The task: Repeat the records below exactly from the line containing "TikTok Life of" to the line containing "Крутящий момент, создаваемый", taking in both of those lines. Drop the pictures.

Information:

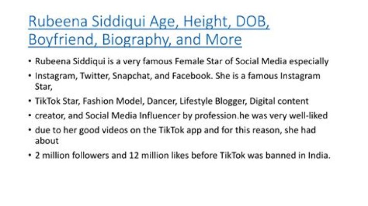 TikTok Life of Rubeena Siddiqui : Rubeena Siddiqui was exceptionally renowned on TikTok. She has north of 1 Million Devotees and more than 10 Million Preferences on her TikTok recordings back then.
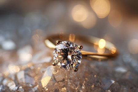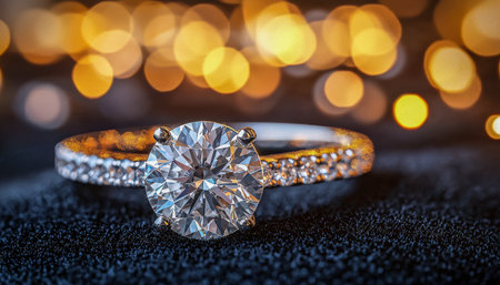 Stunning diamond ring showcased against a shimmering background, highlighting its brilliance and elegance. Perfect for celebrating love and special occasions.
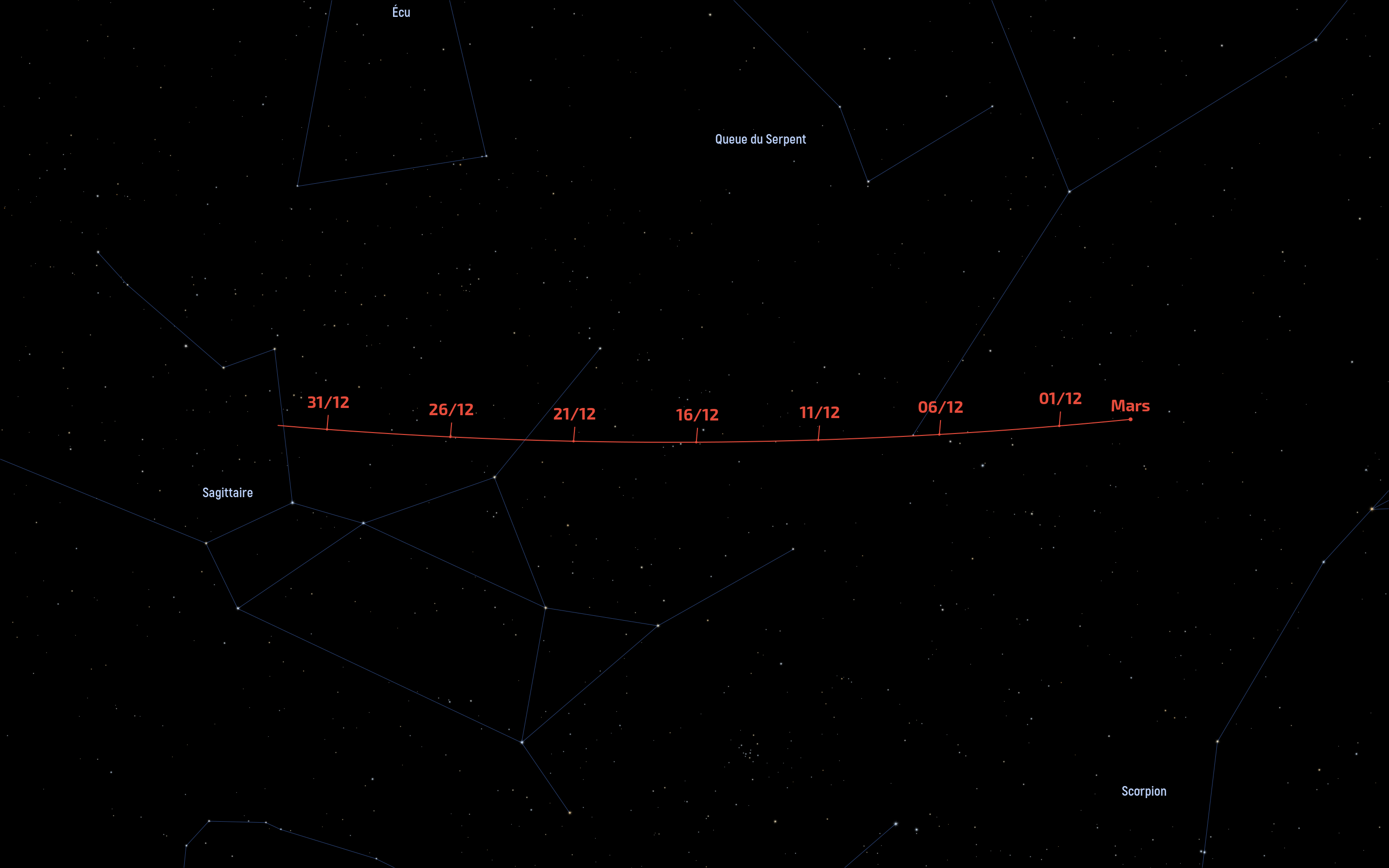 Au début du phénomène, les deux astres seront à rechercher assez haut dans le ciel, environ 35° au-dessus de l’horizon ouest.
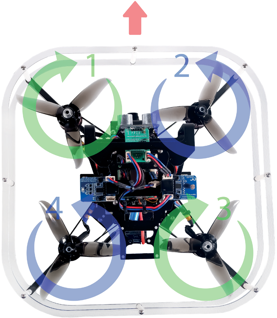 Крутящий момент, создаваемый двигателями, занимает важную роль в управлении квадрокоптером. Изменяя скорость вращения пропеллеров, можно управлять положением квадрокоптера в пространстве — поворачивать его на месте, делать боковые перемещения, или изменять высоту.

==

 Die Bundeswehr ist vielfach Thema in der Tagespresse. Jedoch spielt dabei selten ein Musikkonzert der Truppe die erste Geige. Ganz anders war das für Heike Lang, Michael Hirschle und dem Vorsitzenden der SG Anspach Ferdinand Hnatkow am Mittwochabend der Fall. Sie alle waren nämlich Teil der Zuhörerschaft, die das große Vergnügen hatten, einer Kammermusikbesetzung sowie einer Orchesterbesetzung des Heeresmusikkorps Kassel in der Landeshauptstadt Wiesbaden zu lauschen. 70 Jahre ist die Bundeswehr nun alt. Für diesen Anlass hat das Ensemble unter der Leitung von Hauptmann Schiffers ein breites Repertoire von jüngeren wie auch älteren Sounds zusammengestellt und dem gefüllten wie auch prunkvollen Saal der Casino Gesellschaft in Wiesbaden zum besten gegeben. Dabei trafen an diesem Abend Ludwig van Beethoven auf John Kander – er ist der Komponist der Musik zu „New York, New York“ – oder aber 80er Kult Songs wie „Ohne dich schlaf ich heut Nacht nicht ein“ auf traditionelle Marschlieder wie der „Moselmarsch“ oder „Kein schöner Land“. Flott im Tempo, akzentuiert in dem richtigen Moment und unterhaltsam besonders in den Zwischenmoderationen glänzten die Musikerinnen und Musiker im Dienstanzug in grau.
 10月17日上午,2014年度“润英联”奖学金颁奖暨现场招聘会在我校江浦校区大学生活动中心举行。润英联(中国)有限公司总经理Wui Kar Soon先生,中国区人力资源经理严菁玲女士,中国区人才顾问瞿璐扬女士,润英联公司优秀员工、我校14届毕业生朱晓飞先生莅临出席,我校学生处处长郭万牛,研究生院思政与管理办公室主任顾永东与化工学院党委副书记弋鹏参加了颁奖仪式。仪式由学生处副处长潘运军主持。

Output for this exercise:
 TikTok Life of Rubeena Siddiqui : Rubeena Siddiqui was exceptionally renowned on TikTok. She has north of 1 Million Devotees and more than 10 Million Preferences on her TikTok recordings back then.
 Stunning diamond ring showcased against a shimmering background, highlighting its brilliance and elegance. Perfect for celebrating love and special occasions.
 Au début du phénomène, les deux astres seront à rechercher assez haut dans le ciel, environ 35° au-dessus de l’horizon ouest.
 Крутящий момент, создаваемый двигателями, занимает важную роль в управлении квадрокоптером. Изменяя скорость вращения пропеллеров, можно управлять положением квадрокоптера в пространстве — поворачивать его на месте, делать боковые перемещения, или изменять высоту.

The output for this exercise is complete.